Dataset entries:
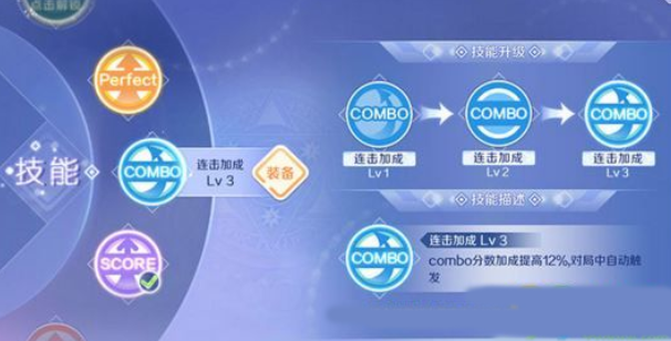 2、连击加成:这个技能可以提高歌曲音符COMBO得分,比较适合可以达成歌曲ALL COMBO评价的玩家。
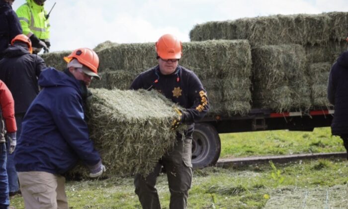Nữ phát ngôn viên của văn phòng cảnh sát trưởng Humboldt Samantha Karges nói với The Epoch Times rằng chiến dịch thả cỏ khô hiếm hoi này đã giúp ích cho 30 trang trại trong khu vực.
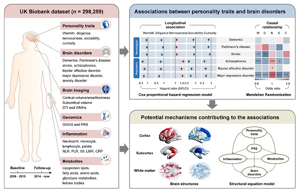 研究团队基于英国生物样本库队列随访了298259名人群,在平均随访9.49年的过程中,32035位参与者被诊断为新发痴呆、帕金森病、卒中、精神分裂症、双相情感障碍、抑郁症或焦虑症。该团队提取了这些参与者的问卷调查数据,构建了五大类人格特征,包括宜人性(热情)、尽责性(勤勉)、神经质(紧张)、外倾性(社交)和开放性(好奇),探讨了这些人格特征与常见脑疾病之间的关联及潜在机制。
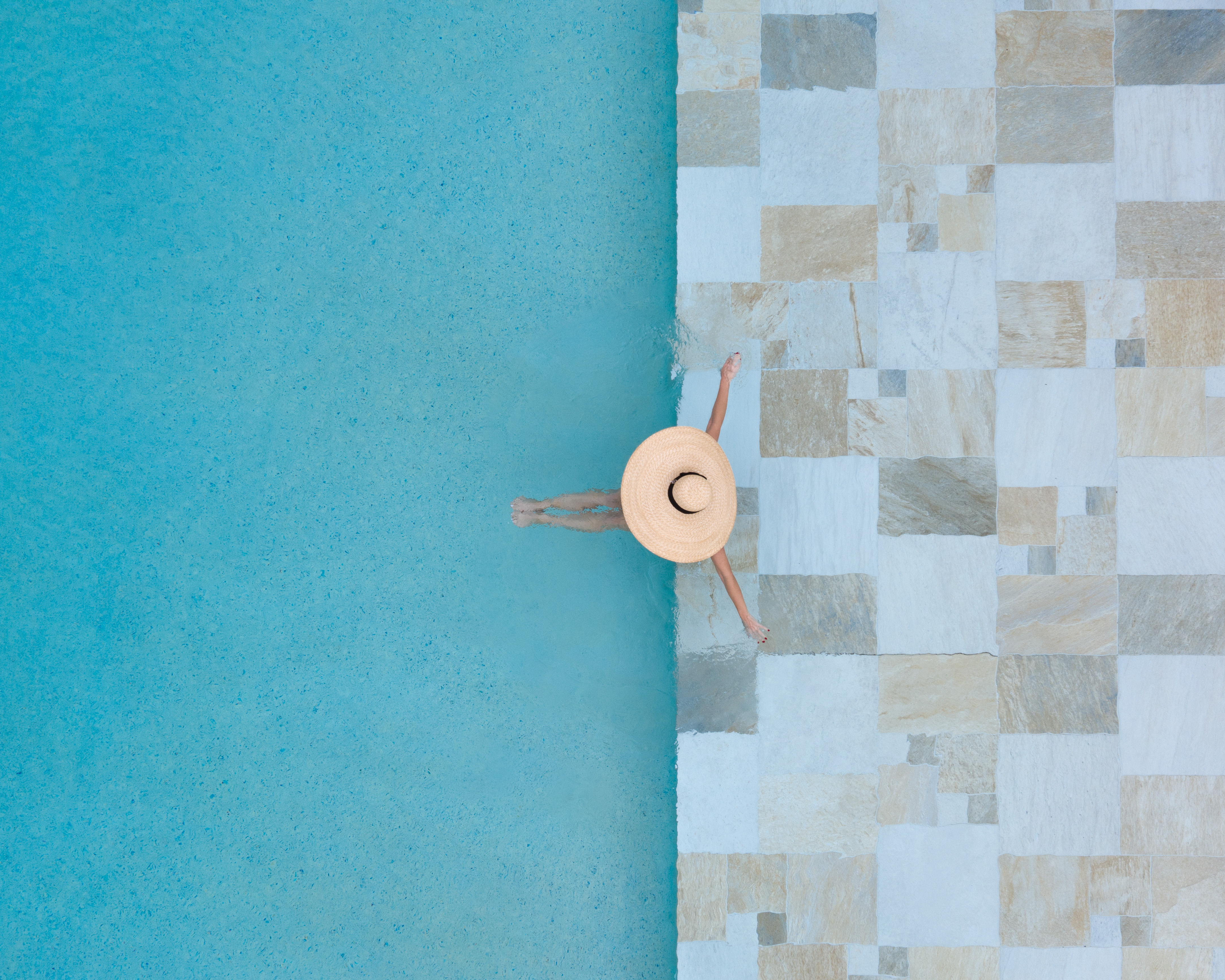수영장에 발을 담그고 여유를 즐기고 있는 사진 속 주인공을 보니 당장이라도 시원한 수영장으로 몸을 던져 더위를 식히고 싶다는 생각이 절로 드는데요. 휴양지에 놀러간 듯한 느낌이 물씬 나는 챙이 넓은 모자를 쓰고, 수영장에서 홀로 자유롭게 물놀이를 즐기는 모습에 여름 휴가에서의 여유로움이 느껴져 마음이 한결 편안해지는 것 같습니다.
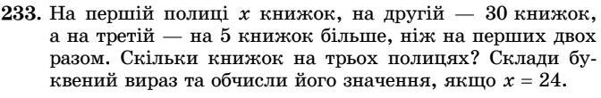 Вираз для цього можна записати так: 30 + х (книжок на другій полиці) + х (книжок на першій полиці) + 5.

■ **Problem details**: The lines above must be transcribed exactly, with every picture left out.

■ **Solution**:
 2、连击加成:这个技能可以提高歌曲音符COMBO得分,比较适合可以达成歌曲ALL COMBO评价的玩家。
Nữ phát ngôn viên của văn phòng cảnh sát trưởng Humboldt Samantha Karges nói với The Epoch Times rằng chiến dịch thả cỏ khô hiếm hoi này đã giúp ích cho 30 trang trại trong khu vực.
 研究团队基于英国生物样本库队列随访了298259名人群,在平均随访9.49年的过程中,32035位参与者被诊断为新发痴呆、帕金森病、卒中、精神分裂症、双相情感障碍、抑郁症或焦虑症。该团队提取了这些参与者的问卷调查数据,构建了五大类人格特征,包括宜人性(热情)、尽责性(勤勉)、神经质(紧张)、外倾性(社交)和开放性(好奇),探讨了这些人格特征与常见脑疾病之间的关联及潜在机制。
수영장에 발을 담그고 여유를 즐기고 있는 사진 속 주인공을 보니 당장이라도 시원한 수영장으로 몸을 던져 더위를 식히고 싶다는 생각이 절로 드는데요. 휴양지에 놀러간 듯한 느낌이 물씬 나는 챙이 넓은 모자를 쓰고, 수영장에서 홀로 자유롭게 물놀이를 즐기는 모습에 여름 휴가에서의 여유로움이 느껴져 마음이 한결 편안해지는 것 같습니다.
 Вираз для цього можна записати так: 30 + х (книжок на другій полиці) + х (книжок на першій полиці) + 5.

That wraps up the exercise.